Tuesday, January 26, 2010

10 Things I Hate About You!


I hate the way you crack jokes at me...
I hate the way U ignore me when you are with friends!
I hate the way you crib about silly things
I hate it when you dont talk when you are angry..
I hate it when you hide trivial things from me..
I hate the way you make me laugh..even worse when you make me cry...
I hate it when you dont give up on me!
I hate the way I lose myself to you
I hate the fact that I cant hate you.. not even a little...not even at all...

@dedicated to Heath ledger!!...(10 Things I Hate about you;))..

Sunday, January 17, 2010

The Orange Candy

Have you ever wondered what would give us complete happiness? A new job? Handsome salary? Loved ones? Hmmmm…… There was time when all I wanted was to clear my EAMCET and get a seat in engineering college… and later it was clearing the exams with distinction…and then the biggie… INFY….Though I achieved all those small and seemingly huge targets… none of them have ever made me happy …. I mean real happiness… if pleasure can be called as happiness then ya… maybe I can consider myself happy but I could never understand or even now I still don’t understand the enigma around happiness.

The other day, after having a boring day at office I was returning home when it started drizzling… I suddenly had this feeling to shop.. I looked at my wallet and there were around 20Rs…. But I was reluctant to give up… I had to walk half a kilometer to hit the ATM for some money… I wish I literally hit the ATM and it gave me the required amount which means al of what it had then…but unfortunately these machines won’t work that way… but I bet, our comps do work… if you have trouble with your comp and u have tried all possible ways to resolve it and still it doesn’t work…. Just kick its butt hard… it will instantly re-boot and start functioning normally… not only Comp, follow this trick with oven, vending machines n others… my personal experience… IT WORKS … only thing is that it should be office stuff… may be it also allows you to remove frustration at the work place itself so that you won’t carry it to your homes…well, I guess I drifted away from the story…. So going back to where I was, the ATM…


I shopped a couple of things… a few interesting and to be flaunted… a few interesting and not to be flaunted…. And a few ambiguous… ambiguous because there was no purpose for buying these but I just bought them for their sheer extravagance of the color and texture…. Before you ponder over what they were.. let me tell you… these were ribbons… Satin ribbons…. Red, yellow, blue…. please don’t scold me… I just could not resist them.. for a second, I felt like the colors of those ribbons would spread into mine and make it beautiful….

I was heading back to my home when I found the Kwality walls vendor with his small mobile ice-cream parlor… it was drizzling outside and he was running for shelter when I called him and asked what varieties he had….he didn’t show me many flavors’ but I was quite happy with the choice of flavors’ I was given… I took Selections family pack… It was my Mom’s birthday and I wanted to give her something she likes… and apart from the regular Dal n rice stuff… I haven’t seen her being fond of anything till date… there was a time when she reminded me of the day when we ate hot gulab jamoon with vanilla ice cream….I didn’t know where to go for gulab jamoon but at least I thought I can take her Ice cream.. and how could I not take something for myself, my favorite Orange Candy…. I was bargaining for the price with the vendor when he said… Mam ‘This is the bonie today and I don’t think these will be sold.. you want more stuff?

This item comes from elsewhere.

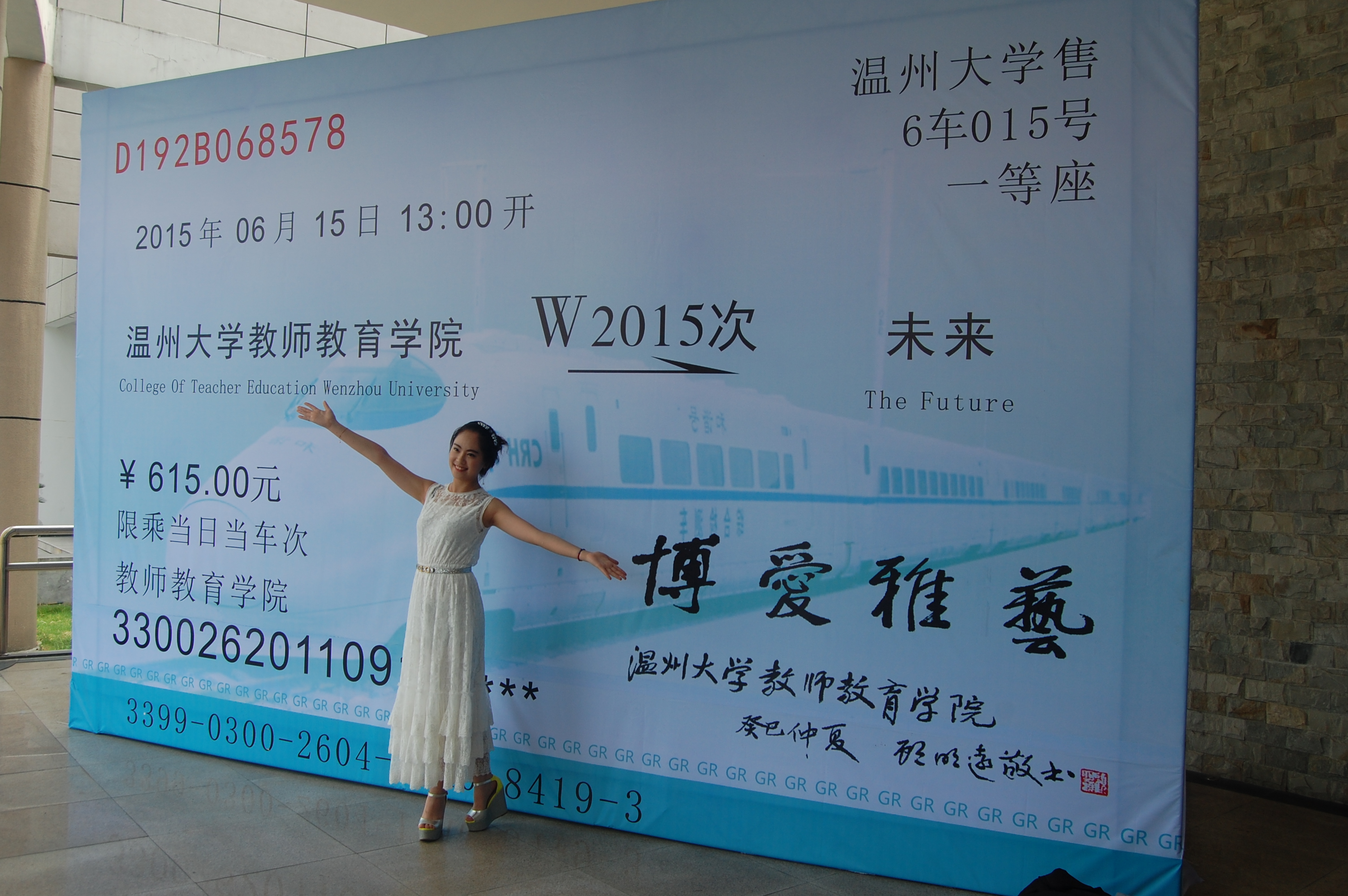 学院还别出心裁地在音乐厅门口台阶右侧放置了巨幅的2138cc太阳集团毕业证书喷绘,同学们以一张张“真人版”的毕业证书定格毕业的美好瞬间;台阶左侧,一张由教师2138cc太阳集团发行的驶往未来的动车票更是吸引了毕业生们驻足留影,始发站“2138cc太阳集团教师2138cc太阳集团”,终点站为“未来”,车票上的数字也隐藏了深刻的寓意:车次是W2015,即“温大2015”,车型为“博爱雅艺”号,车票编号是毕业生们四年前入学的日子,价格是毕业典礼的日子。殷切希望全院毕业生能够将学院赋予的最珍贵的毕业礼物——“博爱雅艺”的师范气质装入行囊,驶向幸福的未来!

I will reduce if you take some more’… I looked at the weather and looked back at him, gave a wry smile and jumped from there…..I was not being romantic as they say in some movie….eating ice cream when its drizzling…. I was just being myself…. I guess that explains it…

I opened the cover of the Orange Candy stick and gently slid it into my mouth… and trust me… the feeling was sooo liberating…. I held the most coveted candy and flaunted to the kids who were passing by me on the road… one of whom cried to his grand pa "for me tooo".... that old fellow glanced at me from top to bottom twice and gave me a dirty look.... I didn't bother... I winked at the kid n showed him the candy again...... I Just didn’t want the candy to melt.. I was savoring every bit of it....good things come to an end too soon but the feeling it left was just priceless….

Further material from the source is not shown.